We've just witnessed a greater destruction of market value since February 19 than during the entire Global Financial Crisis...

And hedge funds are now reporting "Lehman-style" margin calls due to the market crash.

So, sure, we can all hope for the best...

But it's officially time to prepare for the worst, too – because the worst is now firmly at our doorsteps.

  • With reciprocal tariffs, along with other moves, America is now on "war footing" according to some analysts.

  • The S&P lost $2.7 trillion in a single day last week... the second-largest drop in history.

  • And now it looks like the regional banks could be in trouble again after their largest daily drop since the 2023 Regional Bank Crisis.

Just days before this chaos began, one of investing's most respected figures, Marcus Nikos , stepped forward to issue a major crash prediction...

Over 135,000 people have seen it – but you may not be one of them.

And given that it's coming offline for good at midnight TONIGHT, I urge you to take a few minutes to see why thousands of folks were better positioned for last week's selloff than others.

Marc is a Wall Street veteran, inventor of one of investing's most popular indicators, and the founder of Verum Analytics (our corporate affiliate), among other things.

He called the crashes of 2020 and 2022... along with the 2023 bank run...

And he just revealed the NUMBER ONE step he recommends you take with your money to prepare for the volatile days ahead.

Click here to learn more, or read on for details from Marcus below...

Dear Reader,

President Trump's reciprocal tariff plan is creating what some call a "New Economic World Order."

The Magnificent 7 Index is down over 30% from December 18's all-time high.

In fact, we've just witnessed a greater destruction of market value since February 19 than during the entire Global Financial Crisis.

And with hedge funds now reporting "Lehman-style" margin calls due to the market crash...

Last week, S&P 500 stocks erased $120 billion PER HOUR on "Liberation Day"... for total losses of $2.9 trillion.

And even though the S&P 500 is down 7.5% year-to-date, most investors are down much more.

Because that is what always happens to regular investors...
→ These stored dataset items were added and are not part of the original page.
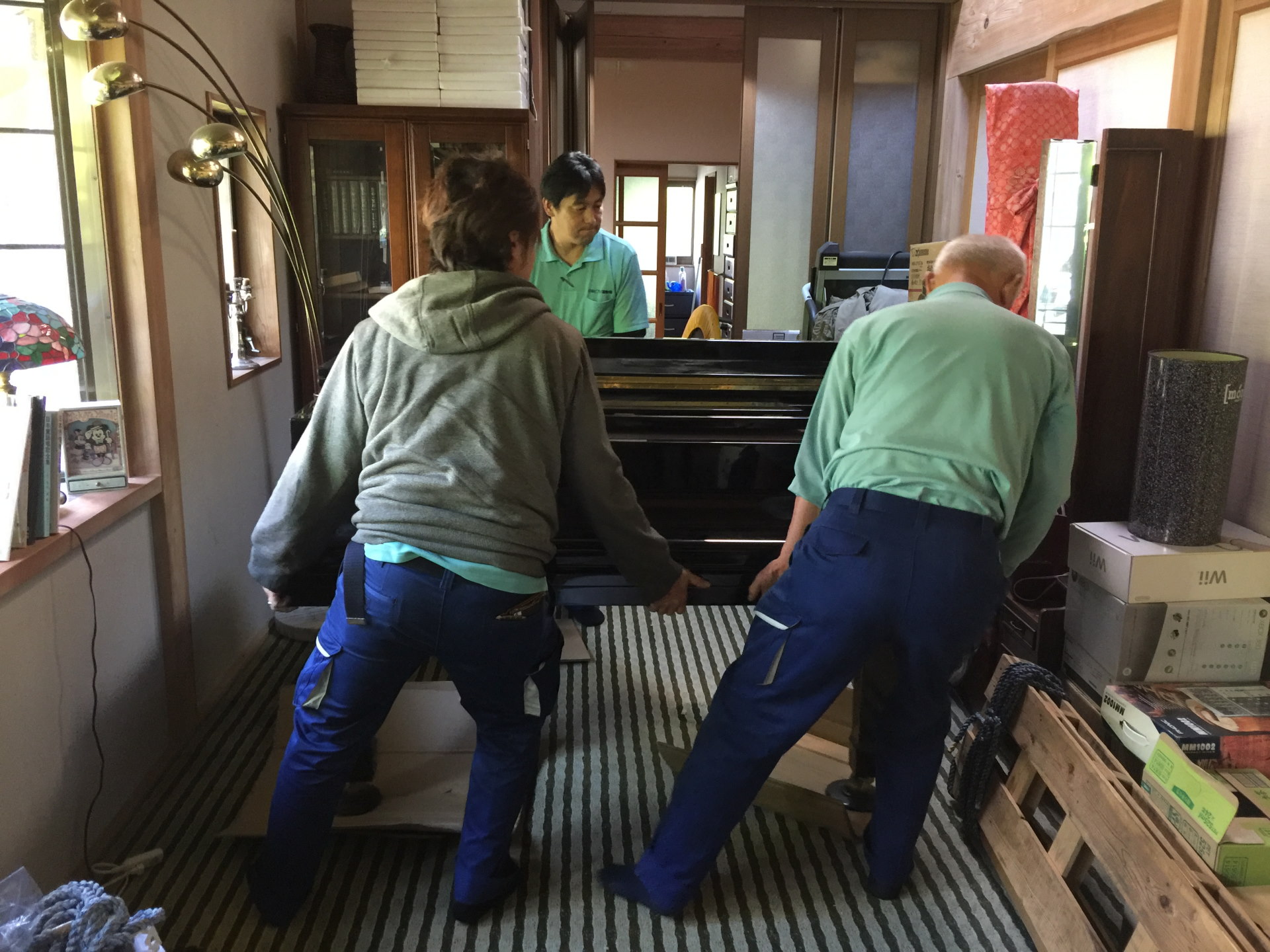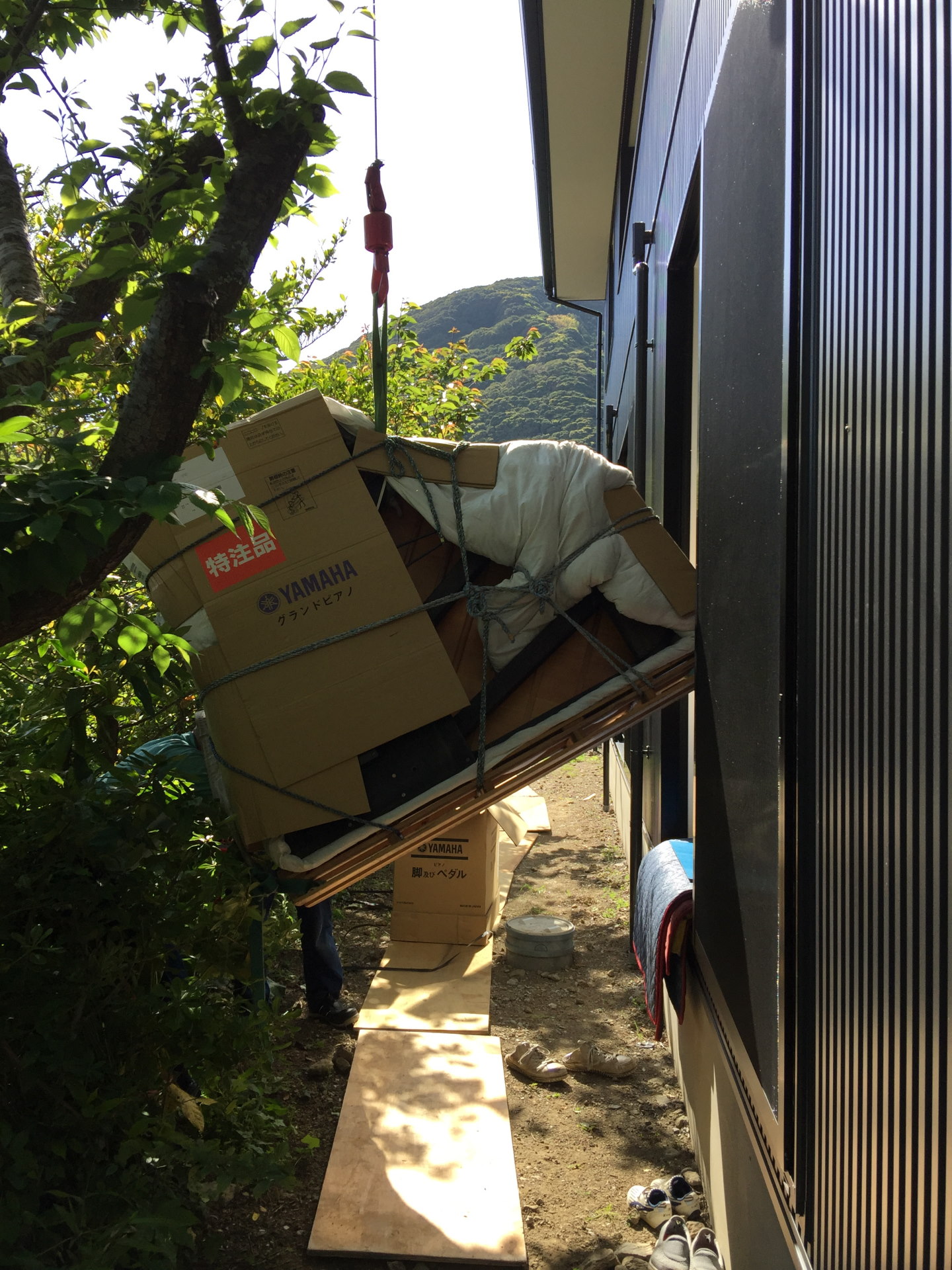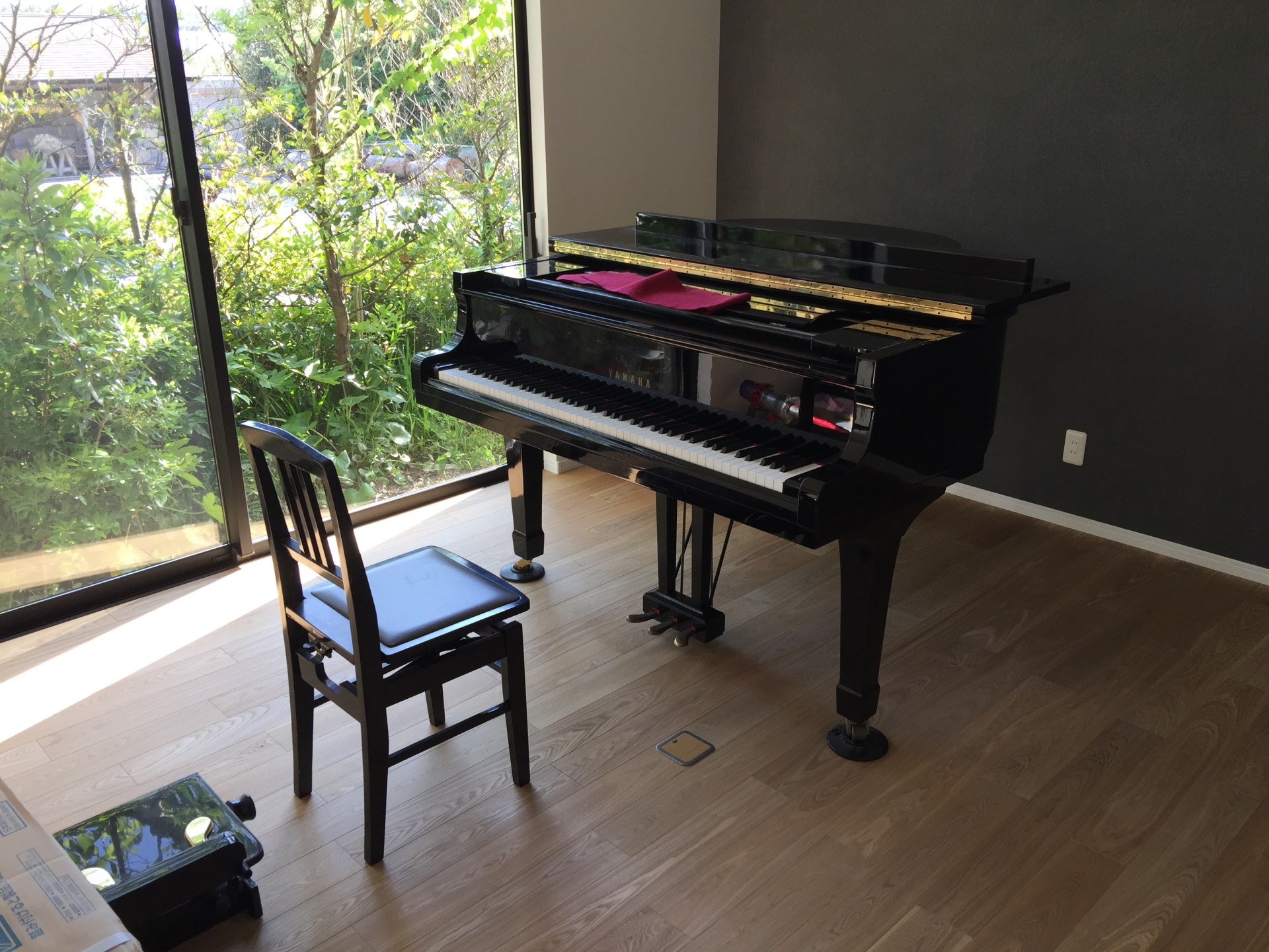 1時間ほどで母屋から新居のピアノ室にグランドピアノは移動され、設置が完了した。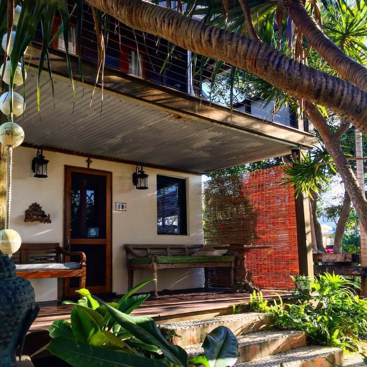 Modernong bagong studio sa tapat ng Belongil Beach na may maikling 10 minutong lakad papunta sa bayan at 3 minutong lakad papunta sa sikat na Treehouse restaurant at bar. May hiwalay na pasukan ang studio mula sa pangunahing bahay. Ang kusina ay may buong refrigerator, hot plate, microwave ( matatagpuan sa aparador sa itaas ng refrigerator) at air fryer. May mini weber bbq para sa paggamit ng bisita. Nasa cabin na ito ang lahat ng kailangan mo para sa magandang bakasyon sa tabing - dagat kabilang ang aircon at fan.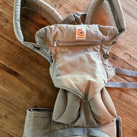 Eldre og bleket i fargen, men fullt fungerende BabyBjørn bæresele.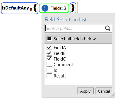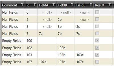 Determine if any of the fields (FieldA, FieldB, FieldC) have the database-specific empty string default value.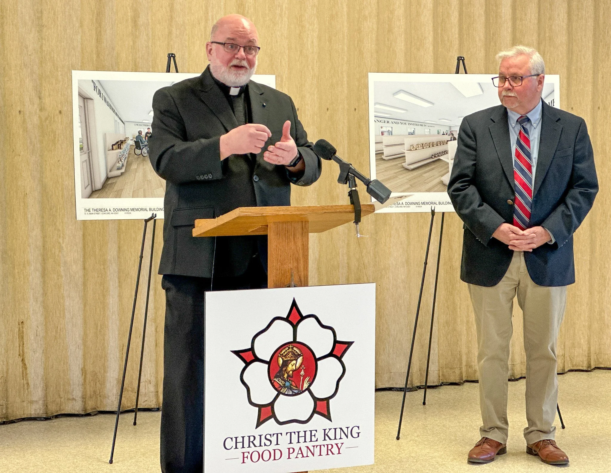 Fr. Richard Roberge, Pastor at Christ the King Parish, announces plans to build a new food pantry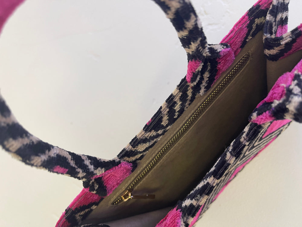 Medium 100% silk velvet Ikat tote-hot pink and black geometric pattern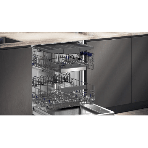 Myčka má flexibilní vnitřní prostor, který umožňuje upravit koše podle velikosti a typu nádobí, které potřebujete umýt. Funkce rackMatic umožňuje nastavit horní koš do tří různých poloh, čímž se zvyšuje flexibilita a komfort při používání.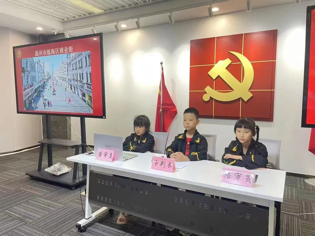“砰——”扮演“审判长”的营员穿着法官袍,敲响法槌,正在活动室里朗声宣布“开庭!”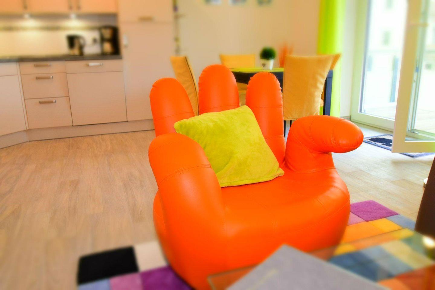 Die Ferienwohnung 1.6 ist eine moderne 2-Raum-Wohnung mit Balkon. Die Küchenzeile und der Essbereich sind direkt im Wohnbereich integriert. Das Bad verfügt über eine ebenerdige Dusche, WC, Handtuchtrockner und Haar-Föhn. Vom Wohnbereich gelangen Sie direkt auf den Balkon.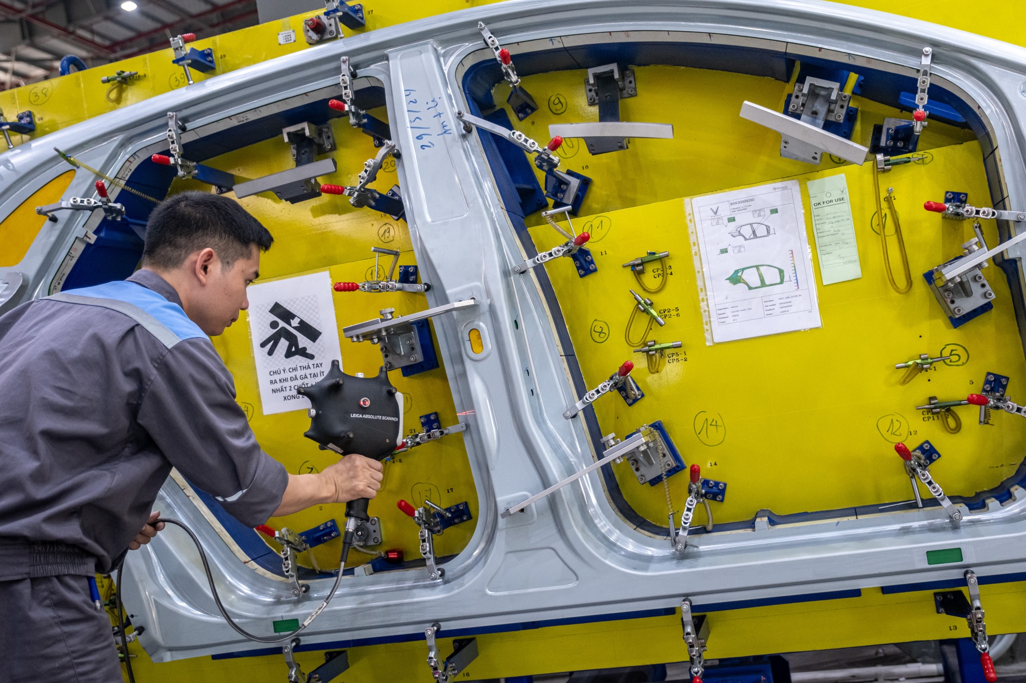 一名工人正在为电动汽车车身侧板进行质量检查。摄影师:Linh Pham/Bloomberg坐在一幅描绘神秘山脉的落地壁画前接受罕见采访,穿着蓝色西装和红色领带的阮先生似乎对面临的挑战毫不畏惧。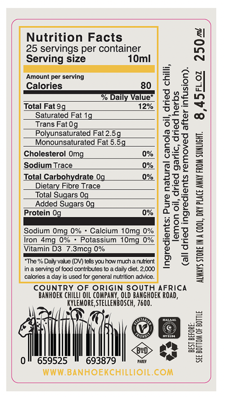 Banhoek Chilli Oil Lemon & Herb - The Original, infused with a gorgeous blend of dried herbs and lemon peel. Perfect to enhance any chicken or seafood dish, potatoes, orzo or a zesty salad dressing.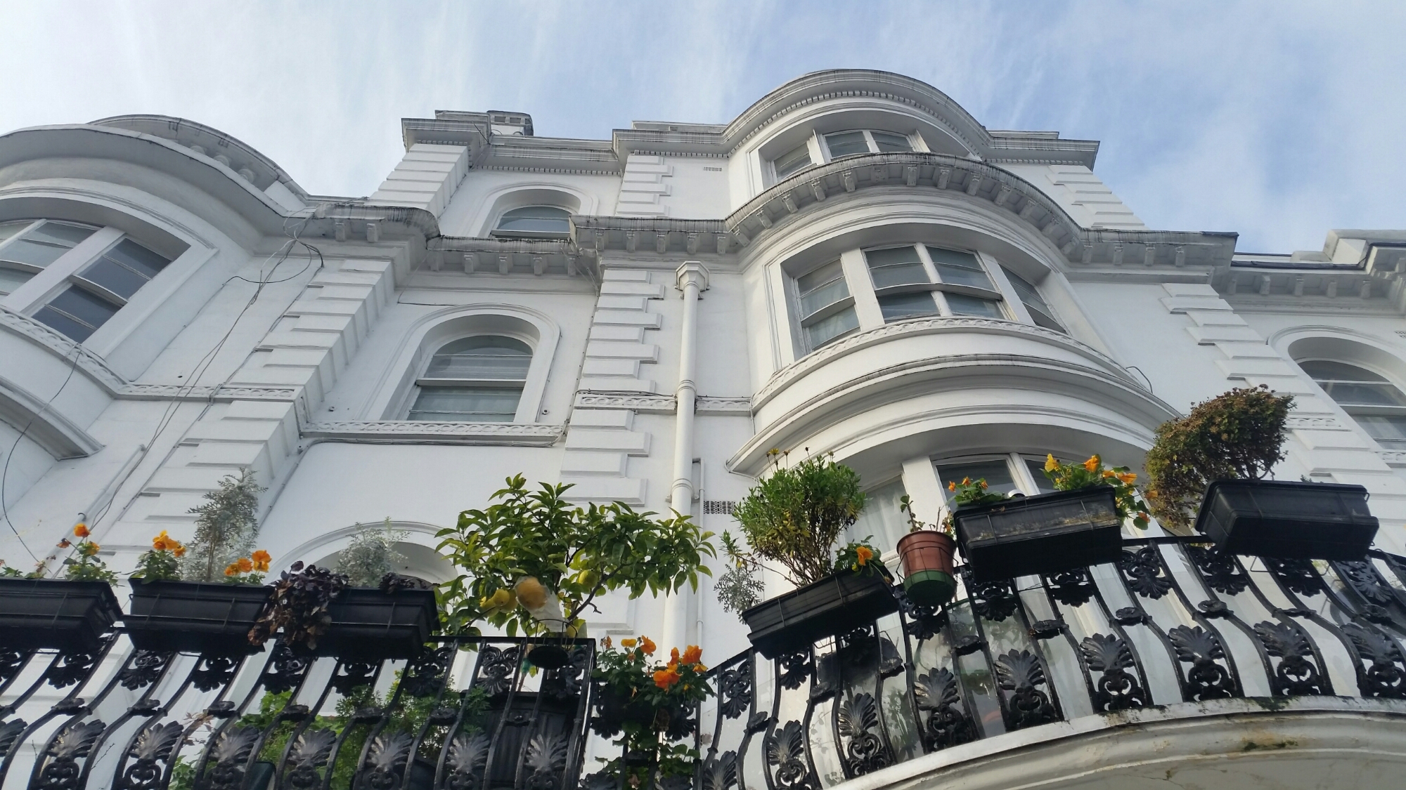 The best I can do today is show photographs of Gloucester Terrace, traffic-ridden and shabby, still the land of cheap boarding houses and peeling paint which, half charmingly, surrounds Paddington Station. Built by William Kingdom between 1843 and 1852, it’s got one house which I show below and is oddly is higher than the others:-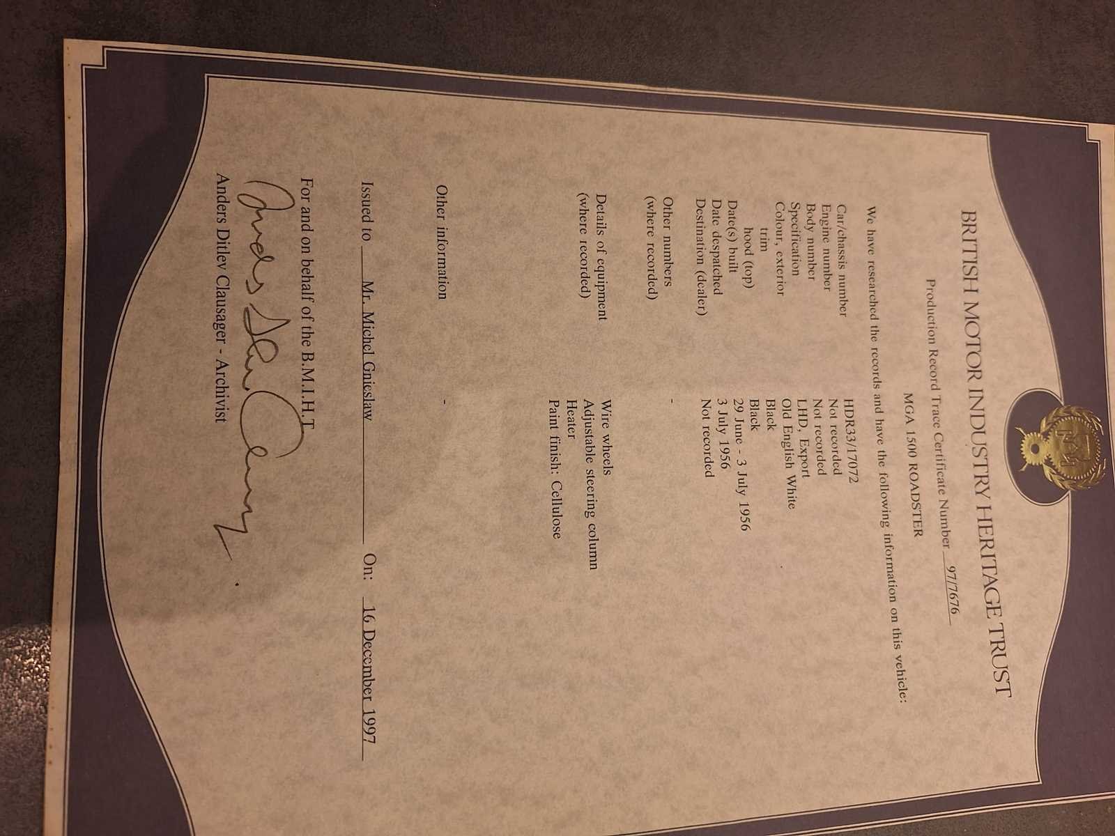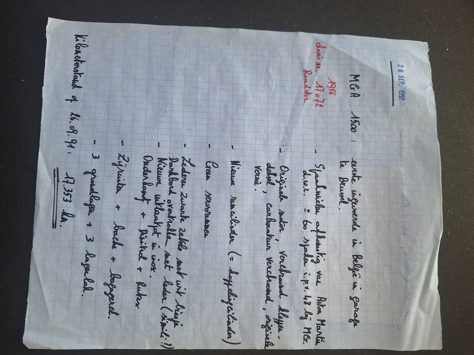 De wagen start, rijdt en draait soepel. Carrosserie zeer proper. Compleet met alle papieren. MGA 1500 : eerste ingevoerde in België in garage te Brussel 1956 chassis nr. 17072 Roadster * Spatwielen afkomstig van Alfa Martin d.w.z. = 60 spaken i.p.v. 48 bij MG. * Originele motor, versnellingsbak, deel, carburateur verchroomd, originele wielen. * Nieuwe remcilinders (= hoofdcilinders) * Geen reservewiel * Lederen zwarte zetels met wit biesje Dashboard overtrokken met leder (zoals!) Nieuwe uitlaat is inox. * Onderkant + dicht + rubber * Zijruiten + hoes + bagagerek. * 3 gordels + 3 kapellen. Kilometerstand op 26.09.91 : 17.353 km. Nee Merk: MGA Type: 1500 roadster Bouwjaar: 1956 Chassisnummer: 17072 Afgelezen kilometerstand: 57347 Datum eerste inschrijving: 25/07/1956 Nationaliteit documenten: Belgisch Vermogen (pk): 68 Vermogen (kW): 50kW Startinformatie: Start en rijdt Cilinderinhoud: 1489 Aantal cilinders: 4 Inschrijvingsbewijs - deel 1 : Aanwezig Inschrijvingsbewijs - deel 2: Aanwezig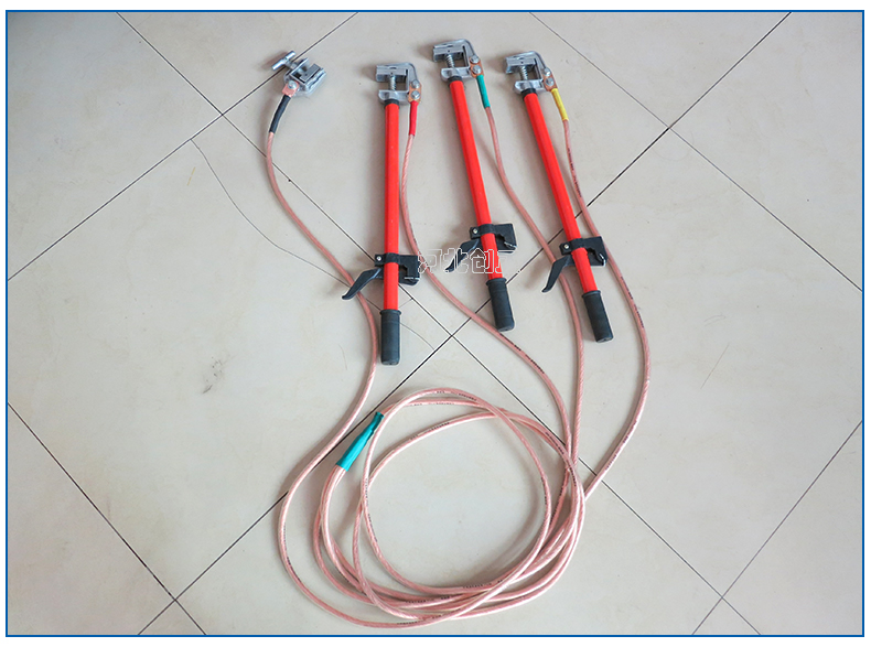 (2)、安裝:將接地軟銅線和接線端子固定在接地棒上的接電夾的相應(yīng)位置上,將接地線尾線的接線端子固定在接地夾或地針上,構(gòu)成一套完整的接地線。

They get caught flat-footed and financially hurt by larger global events completely outside of their control.

It was the same in 2008...

The same in 2020...

The same in 2022...

One I cover extensively in my latest crash warning – the full version of which is coming offline for GOOD at midnight tonight.

Because, to be candid...

After being one of the loudest stock market bulls over the past couple of years, last week's events, along with the data within the Power Gauge, make me extremely concerned.

Put simply, unless something dramatic changes, this is the sort of situation that could lead to a worldwide recession...

And recessions lead to bear markets.

The time to prepare is NOW.

But I've detailed everything you need to know along with the NUMBER ONE step I recommend you take with your money to position yourself for the volatile days ahead.

Mark my words, the losses we've seen so far could just be the starting pistol for something much, much more dramatic.

But if you take the moves detailed in my briefing, I believe you will look back on today – – with immense relief and gratitude.


P.S. Even before "Liberation Day" rocked the markets, I could see something fundamental was shifting in U.S. stocks.